◆ WHAT YOU SHOULD DO
Output the entries below exactly as written, omitting pictures.

◆ PROVIDED RECORDS
[Start of section]

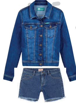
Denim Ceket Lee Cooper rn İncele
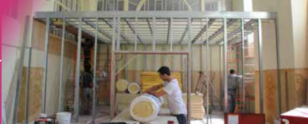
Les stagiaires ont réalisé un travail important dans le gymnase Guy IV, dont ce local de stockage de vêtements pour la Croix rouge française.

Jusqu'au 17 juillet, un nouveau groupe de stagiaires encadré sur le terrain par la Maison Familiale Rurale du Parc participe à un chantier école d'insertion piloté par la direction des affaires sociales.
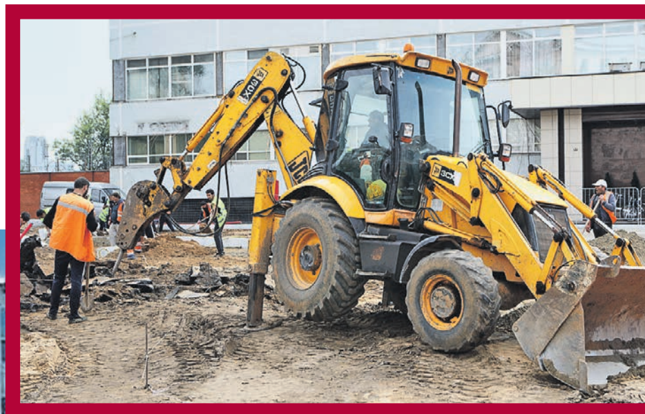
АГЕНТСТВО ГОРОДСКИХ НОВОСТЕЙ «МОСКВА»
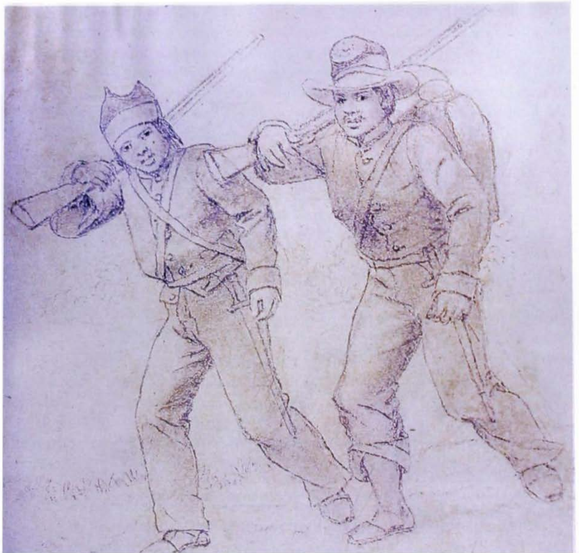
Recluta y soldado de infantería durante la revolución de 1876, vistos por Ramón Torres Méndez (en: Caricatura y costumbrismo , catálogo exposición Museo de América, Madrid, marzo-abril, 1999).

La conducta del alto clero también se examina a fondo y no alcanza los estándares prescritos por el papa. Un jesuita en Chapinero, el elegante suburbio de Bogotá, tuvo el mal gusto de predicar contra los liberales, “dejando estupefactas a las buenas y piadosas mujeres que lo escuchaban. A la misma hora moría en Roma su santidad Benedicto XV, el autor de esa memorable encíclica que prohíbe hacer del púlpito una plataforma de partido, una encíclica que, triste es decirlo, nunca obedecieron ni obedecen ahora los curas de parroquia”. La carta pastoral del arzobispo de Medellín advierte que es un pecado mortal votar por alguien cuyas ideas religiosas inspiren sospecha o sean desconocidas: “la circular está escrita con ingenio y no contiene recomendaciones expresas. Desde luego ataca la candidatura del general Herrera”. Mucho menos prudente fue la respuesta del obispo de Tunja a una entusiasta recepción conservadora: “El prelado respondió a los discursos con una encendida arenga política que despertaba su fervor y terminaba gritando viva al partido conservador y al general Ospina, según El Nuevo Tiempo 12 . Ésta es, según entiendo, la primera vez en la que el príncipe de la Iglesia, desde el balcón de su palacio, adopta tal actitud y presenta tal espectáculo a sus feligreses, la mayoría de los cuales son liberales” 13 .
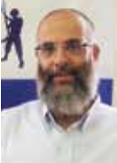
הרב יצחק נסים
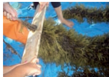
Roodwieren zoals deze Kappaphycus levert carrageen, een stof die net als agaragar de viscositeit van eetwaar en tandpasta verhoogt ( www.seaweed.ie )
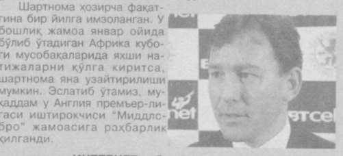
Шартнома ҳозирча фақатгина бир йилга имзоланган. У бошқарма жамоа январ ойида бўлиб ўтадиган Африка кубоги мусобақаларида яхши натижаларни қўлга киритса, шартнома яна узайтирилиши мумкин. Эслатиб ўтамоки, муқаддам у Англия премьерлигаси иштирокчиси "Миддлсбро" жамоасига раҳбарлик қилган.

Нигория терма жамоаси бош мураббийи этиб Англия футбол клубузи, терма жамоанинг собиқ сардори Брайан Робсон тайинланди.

[End of section]

◆ REPLY TO THE EXERCISE
Denim Ceket Lee Cooper rn İncele
Les stagiaires ont réalisé un travail important dans le gymnase Guy IV, dont ce local de stockage de vêtements pour la Croix rouge française.

Jusqu'au 17 juillet, un nouveau groupe de stagiaires encadré sur le terrain par la Maison Familiale Rurale du Parc participe à un chantier école d'insertion piloté par la direction des affaires sociales.
АГЕНТСТВО ГОРОДСКИХ НОВОСТЕЙ «МОСКВА»
Recluta y soldado de infantería durante la revolución de 1876, vistos por Ramón Torres Méndez (en: Caricatura y costumbrismo , catálogo exposición Museo de América, Madrid, marzo-abril, 1999).

La conducta del alto clero también se examina a fondo y no alcanza los estándares prescritos por el papa. Un jesuita en Chapinero, el elegante suburbio de Bogotá, tuvo el mal gusto de predicar contra los liberales, “dejando estupefactas a las buenas y piadosas mujeres que lo escuchaban. A la misma hora moría en Roma su santidad Benedicto XV, el autor de esa memorable encíclica que prohíbe hacer del púlpito una plataforma de partido, una encíclica que, triste es decirlo, nunca obedecieron ni obedecen ahora los curas de parroquia”. La carta pastoral del arzobispo de Medellín advierte que es un pecado mortal votar por alguien cuyas ideas religiosas inspiren sospecha o sean desconocidas: “la circular está escrita con ingenio y no contiene recomendaciones expresas. Desde luego ataca la candidatura del general Herrera”. Mucho menos prudente fue la respuesta del obispo de Tunja a una entusiasta recepción conservadora: “El prelado respondió a los discursos con una encendida arenga política que despertaba su fervor y terminaba gritando viva al partido conservador y al general Ospina, según El Nuevo Tiempo 12 . Ésta es, según entiendo, la primera vez en la que el príncipe de la Iglesia, desde el balcón de su palacio, adopta tal actitud y presenta tal espectáculo a sus feligreses, la mayoría de los cuales son liberales” 13 .
הרב יצחק נסים
Roodwieren zoals deze Kappaphycus levert carrageen, een stof die net als agaragar de viscositeit van eetwaar en tandpasta verhoogt ( www.seaweed.ie )
Шартнома ҳозирча фақатгина бир йилга имзоланган. У бошқарма жамоа январ ойида бўлиб ўтадиган Африка кубоги мусобақаларида яхши натижаларни қўлга киритса, шартнома яна узайтирилиши мумкин. Эслатиб ўтамоки, муқаддам у Англия премьерлигаси иштирокчиси "Миддлсбро" жамоасига раҳбарлик қилган.

Нигория терма жамоаси бош мураббийи этиб Англия футбол клубузи, терма жамоанинг собиқ сардори Брайан Робсон тайинланди.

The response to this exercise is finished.